Purpose: To investigate whether placebo is non-inferior to continuous infusion of butylscopolamine in patients with renal colic. Methods: We conducted a placebo-controlled, multicenter, double-blind randomized clinical trial (RCT) including 128 patients with renal colic (confirmed by ultrasound or CT-scan). Patients were randomized to receive either continuous IV butylscopolamine 100 mg/24 h or placebo (saline). Primary outcome is the amount of opioid escape medication used, measured in doses administered. Secondary outcomes are pain measured on a Numeric Rating Scale (NRS), side effects, and time of drug administration. Non-inferiority was assessed using linear regression with robust standard errors, with non-inferiority limit set at 0.5 units of escape medication. Results: Median number of doses of escape medication was one in both groups. The number of extra doses in the placebo group compared with the butylscopolamine group was 0.05, with a 95% robust confidence interval (CI) of 0.38–0.47. Upper limit of the CI remained below the non-inferiority limit of 0.5 (p = 0.04). No differences in secondary endpoints were seen between the groups.
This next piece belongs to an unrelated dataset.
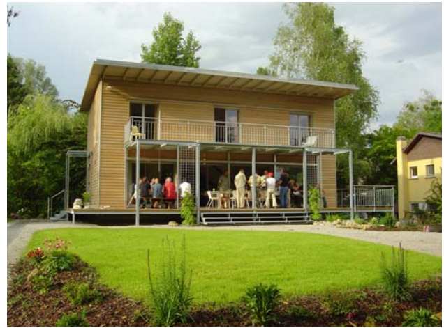
Mit Metall lassen sich sehr filigrane und moderne Balkone und Terrassen realisieren.
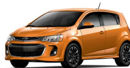
GGQ – ROUGE ORANGÉ MÉTALLISÉ 1,2

Conclusion: Placebo is non-inferior to continuous IV butylscopolamine for pain relief in patients with renal colic. Based on this study and previous evidence, there is no role for continuous butylscopolamine IV in the treatment of renal colic. Trial NL7819

Original languageEnglish
Pages (from-to)2747-2752
Number of pages6
JournalWorld Journal of Urology
Volume39
Issue number7
DOIs
Publication statusPublished - 19 Apr 2021

Bibliographical note

Funding Information:
A research grant of €2000 was given by the science bureau of Haga teaching hospital. No other funding was received.

Publisher Copyright:
© 2020, The Author(s).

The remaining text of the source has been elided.